(TASK REQUIREMENTS)
Begin at the top of the records below and print each line exactly until the line containing "ESTAhome carta da" has been printed; any pictures are to be left out.

::: DATA RECORDS

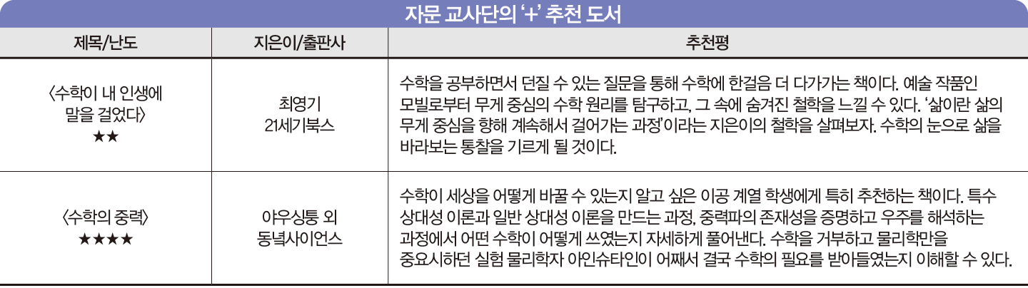 “수학은 수와 양, 그리고 공간의 성질에 관해 연구하는 학문입니다. 그렇다면 수와 양, 공간에 관심이 없는 사람들은 이 과목을 왜 공부해야 할까요? 이 책은 수학을 인간과 관련된 모든 것을 연구하는 학문이라는 ‘인문학’의 관점에서 바라보고 해석합니다. 우리가 수학을 공부해야 하는 이유를 시작으로, 음악 경제 영화 건축 동양고전 역사 미술 속에서 수학 개념이 얼마나 잘 연결되는지 설명해줍니다. 주변 곳곳에 숨어 있는 수학을 살펴보고 탐구자의 시선에서 세상을 바라볼 수 있게 도와주는 책이에요.”_ 자문 교사단
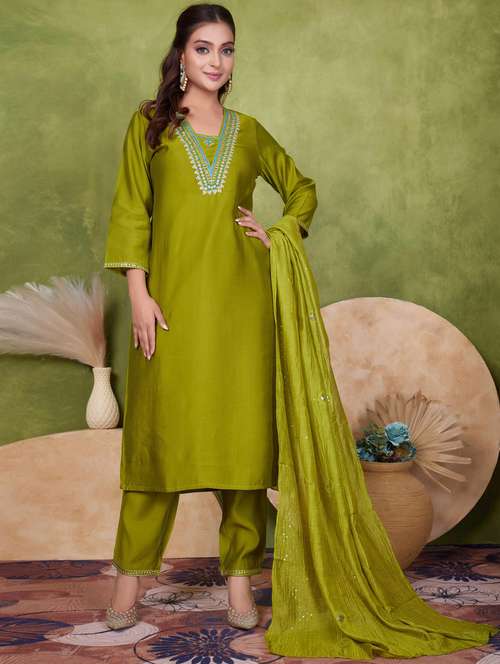 - Find gorgeous sets of ethnic wears in trending designs in green colors suitable for festive wear of occasions.
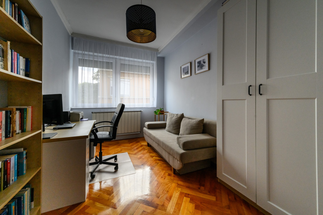 A lakás helyiségei: tágas nappali + 3 külön nyíló szoba, fürdőszoba, külön WC, konyha és előszoba. A 3 szintes épületben szintenként mindössze két lakás található, így csendes, nyugodt környezet és jó szomszédi viszony jellemzi.
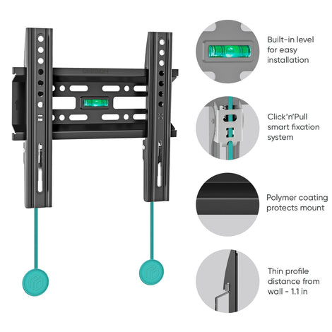 Fixed TV Wall Mount for 17" to 43-inch TVs Screens up to 66 lbs ONKRON FM1, Black
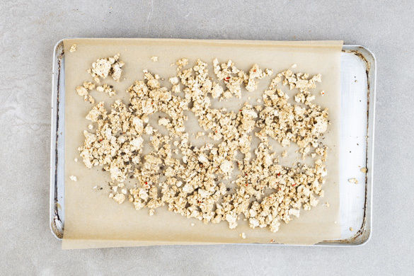 Den Tofu mit Küchenkrepp trocken tupfen und mit den Fingern zerbröseln. 1–2EL Pflanzenöl mit 1/3 des Ingwers, 1/3 des Knoblauchs, der 1/2 der Chili, 1/3 des Sesams und der 1/2 der Sojasauce gut verrühren und mit dem Tofu vermengen. Den Tofu auf einem mit Backpapier ausgelegten Blech verteilen, mit Salz und Pfeffer würzen und im Ofen ca. 15Min. knusprig rösten.
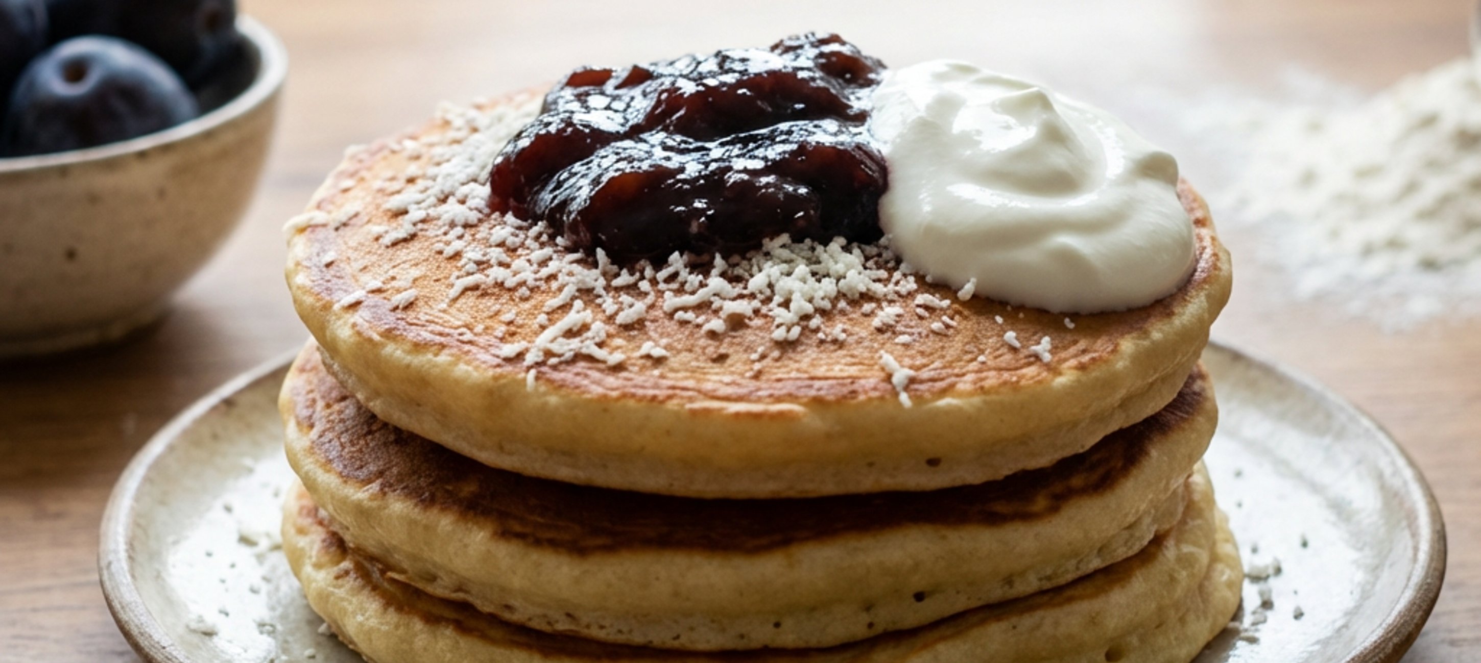 - 5Die fertigen Pancakes warm halten und mit Zwetschkenröster, zerbröseltem Topfen und einem Klecks Sauerrahm servieren. Nach Belieben mit etwas Zucker bestreuen.
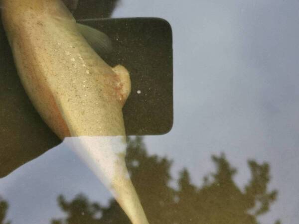 Ik heb echter weer een vis met een probleem. Gisteren viel me een kleine uitstulping op. Vandaag is deze enorm geworden. Kan dit ook van ammoniak zijn?Ik durf er niet meer mee naar de vijver specialist. Weet iemand hoe ik deze vis kan helpen?
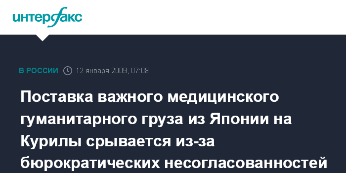 Южно-Сахалинск. 12 января. ИНТЕРФАКС - ДАЛЬНИЙ ВОСТОК - Доставка гуманитарного груза для медучреждений трех Курильских островов, запланированная на 13 января, из-за бюрократической несогласованности осталась под вопросом.
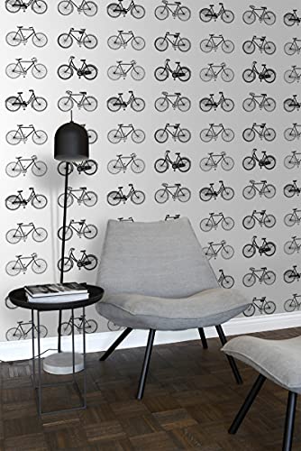 ESTAhome carta da parati biciclette bianco e nero - 138523-53 cm x 10,05 m
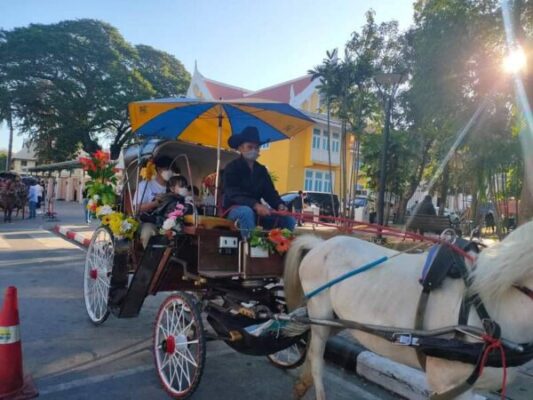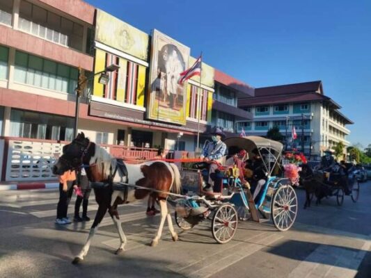 เมื่อวันที่ 8 ม.ค. 2567 ที่ จ.ลำปาง ผู้สื่อข่าวรายงานว่า ตั้งช่วงวันหยุดก่อนและหลังเทศกาลปีใหม่ 2567 มีนักท่องเที่ยวทั้งชาวไทยและต่างประเทศเดินทางมาเที่ยว จ.ลำปาง จำนวนมาก ทำให้บรรยากาศการค้าขายทั่วไปคึกคัก โดยเฉพาะผู้ประกอบการรถม้า จ.ลำปาง ที่มีรถม้าบริการนักเที่ยวเพียงแห่งดียวในประเทศ ที่นักท่องเที่ยวเดินทางมาเที่ยวจำนวนมาก ต้องนั่งรถม้าเที่ยวชมเมืองลำปาง สักครั้งจึงจะถือว่ามาถึง จ.ลำปาง ทำให้ผู้ประกอบการรถม้ามีรายได้เพิ่มขึ้น หลังจากช่วงวิกฤติโควิด-19 ช่วง 2-3 ปีที่ผ่านมา บางรายถึงกับขายรถม้าทิ้งไปประกอบอาชีพอื่น เนื่องจากไม่มีรายได้
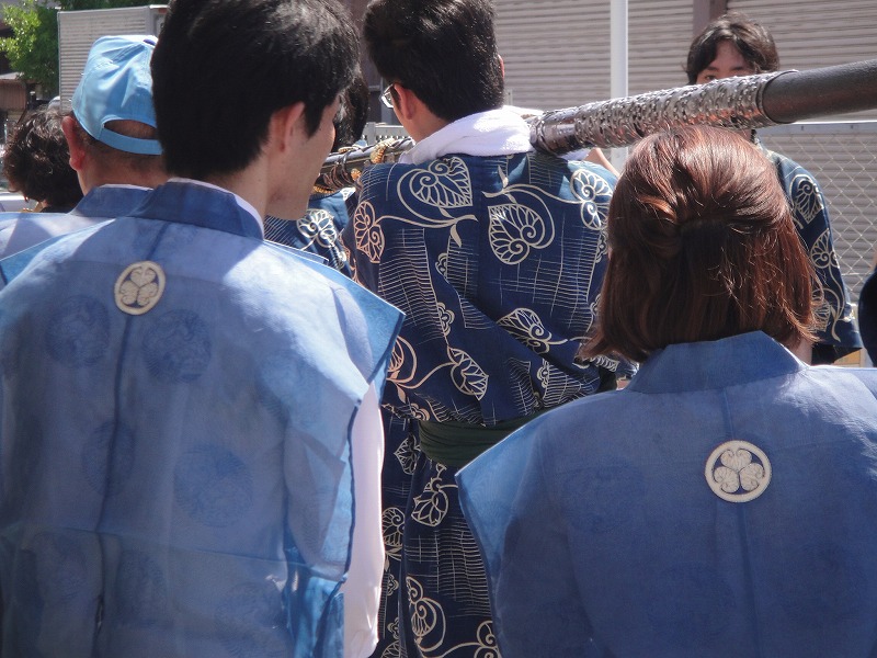 さすが初夏のお祭り。目にも涼やかな紺の裃に浴衣。葵のご紋。浴衣も葵です。
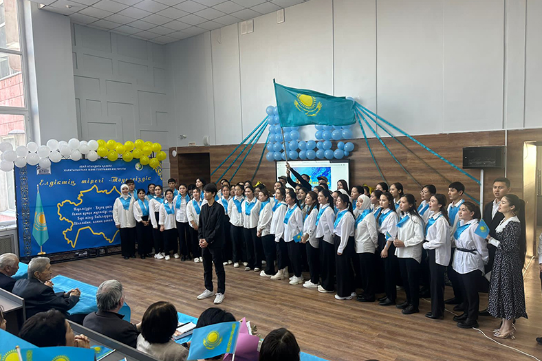 На празднике, который начался с Минуты молчания в память жертв борьбы за независимости, были показаны представление на историческую тему «Желтоксан - тәуелсіздік бастауы», патриотический танец «Я казах», также выступил хор из 80 студентов с песней «Атамекен».
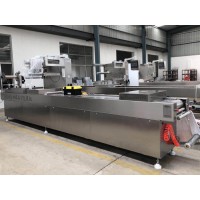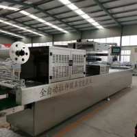 工作原理是使用成形模具,先把薄膜加熱,而后再用成形模具沖成容器的形狀,然后將包裝物裝入成型了的下膜腔中,再進行真空包裝。主要由真空系統、抽充氣密封系統、熱壓封合系統、電器控制系統等組成。
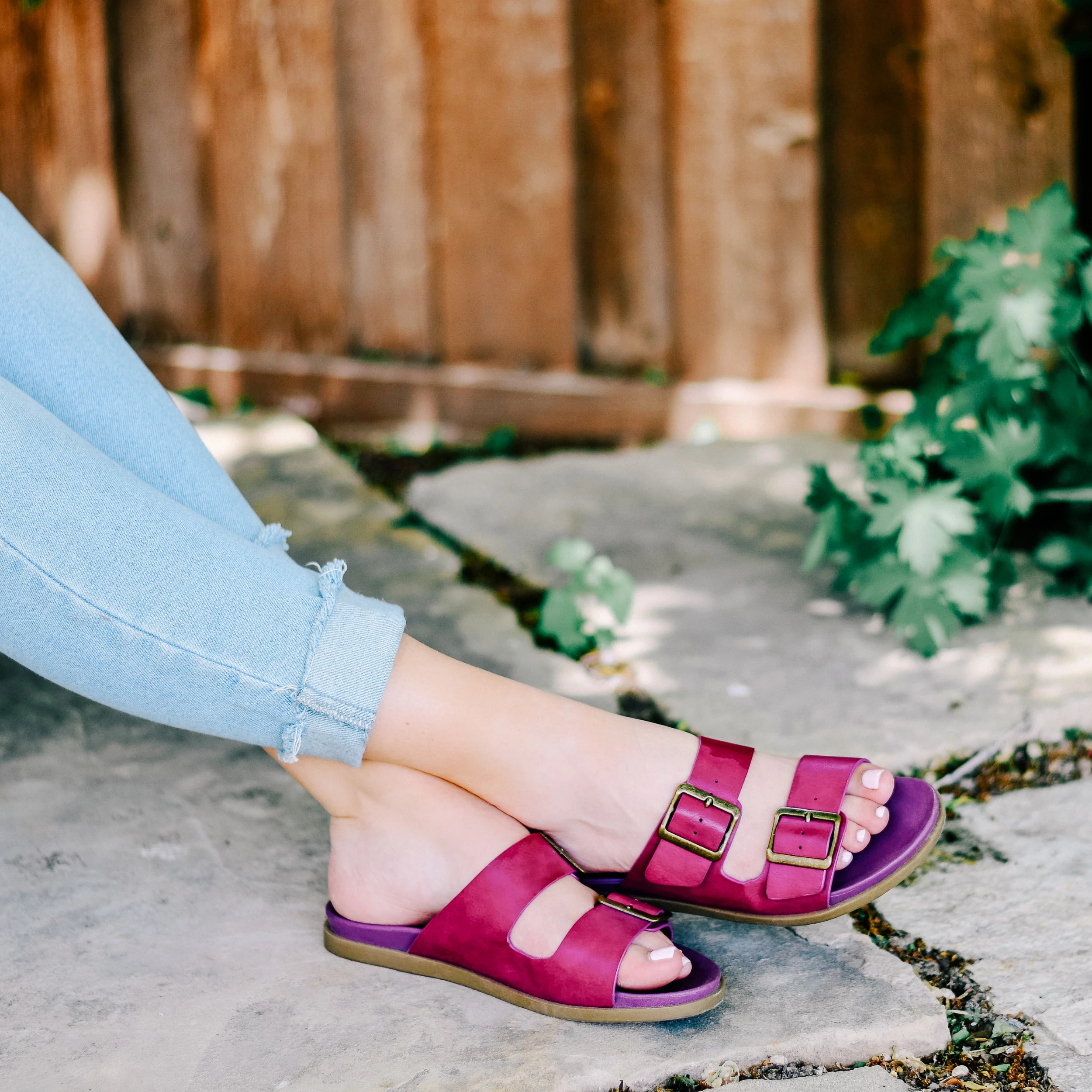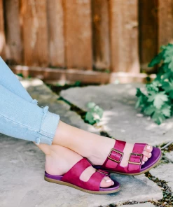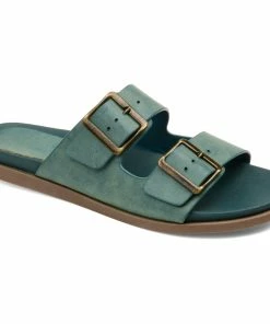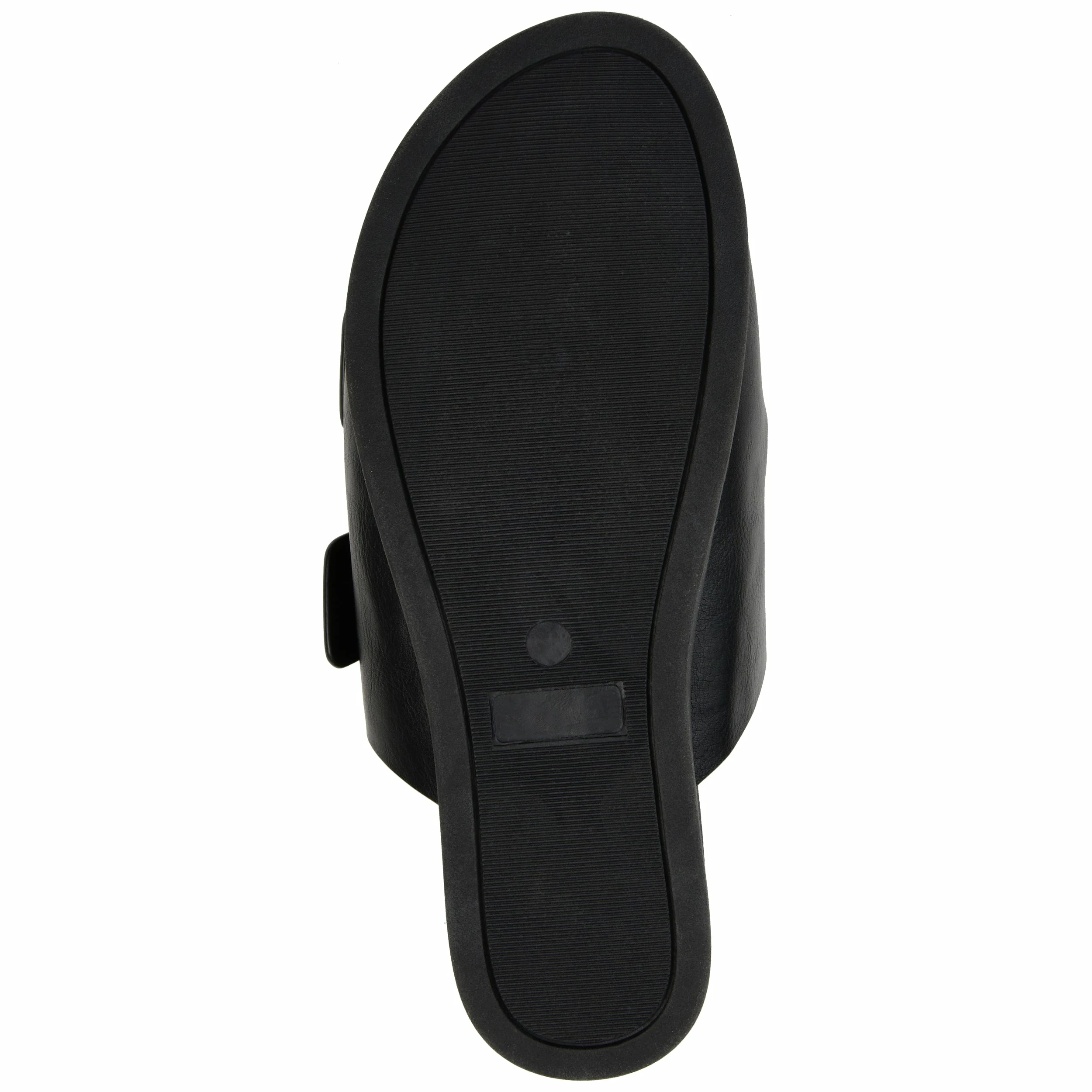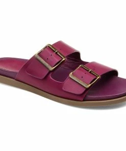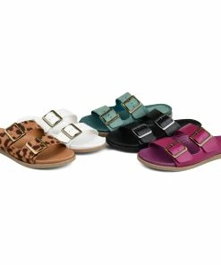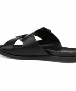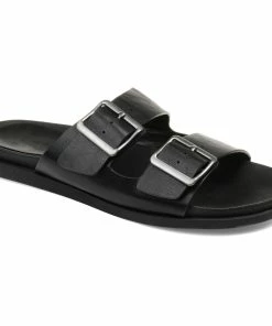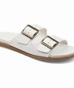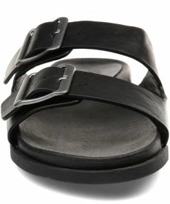 Bold square buckles top this throwback style. This cool, comfy, chunky slide is made with vegan leather uppers shaped into a thick dual toe strap resting on a flexible yet durable rubber sole for a perfectly effortless look.

::::::

(WRITTEN RESPONSE)
 “수학은 수와 양, 그리고 공간의 성질에 관해 연구하는 학문입니다. 그렇다면 수와 양, 공간에 관심이 없는 사람들은 이 과목을 왜 공부해야 할까요? 이 책은 수학을 인간과 관련된 모든 것을 연구하는 학문이라는 ‘인문학’의 관점에서 바라보고 해석합니다. 우리가 수학을 공부해야 하는 이유를 시작으로, 음악 경제 영화 건축 동양고전 역사 미술 속에서 수학 개념이 얼마나 잘 연결되는지 설명해줍니다. 주변 곳곳에 숨어 있는 수학을 살펴보고 탐구자의 시선에서 세상을 바라볼 수 있게 도와주는 책이에요.”_ 자문 교사단
 - Find gorgeous sets of ethnic wears in trending designs in green colors suitable for festive wear of occasions.
 A lakás helyiségei: tágas nappali + 3 külön nyíló szoba, fürdőszoba, külön WC, konyha és előszoba. A 3 szintes épületben szintenként mindössze két lakás található, így csendes, nyugodt környezet és jó szomszédi viszony jellemzi.
 Fixed TV Wall Mount for 17" to 43-inch TVs Screens up to 66 lbs ONKRON FM1, Black
 Den Tofu mit Küchenkrepp trocken tupfen und mit den Fingern zerbröseln. 1–2EL Pflanzenöl mit 1/3 des Ingwers, 1/3 des Knoblauchs, der 1/2 der Chili, 1/3 des Sesams und der 1/2 der Sojasauce gut verrühren und mit dem Tofu vermengen. Den Tofu auf einem mit Backpapier ausgelegten Blech verteilen, mit Salz und Pfeffer würzen und im Ofen ca. 15Min. knusprig rösten.
 - 5Die fertigen Pancakes warm halten und mit Zwetschkenröster, zerbröseltem Topfen und einem Klecks Sauerrahm servieren. Nach Belieben mit etwas Zucker bestreuen.
 Ik heb echter weer een vis met een probleem. Gisteren viel me een kleine uitstulping op. Vandaag is deze enorm geworden. Kan dit ook van ammoniak zijn?Ik durf er niet meer mee naar de vijver specialist. Weet iemand hoe ik deze vis kan helpen?
 Южно-Сахалинск. 12 января. ИНТЕРФАКС - ДАЛЬНИЙ ВОСТОК - Доставка гуманитарного груза для медучреждений трех Курильских островов, запланированная на 13 января, из-за бюрократической несогласованности осталась под вопросом.
 ESTAhome carta da parati biciclette bianco e nero - 138523-53 cm x 10,05 m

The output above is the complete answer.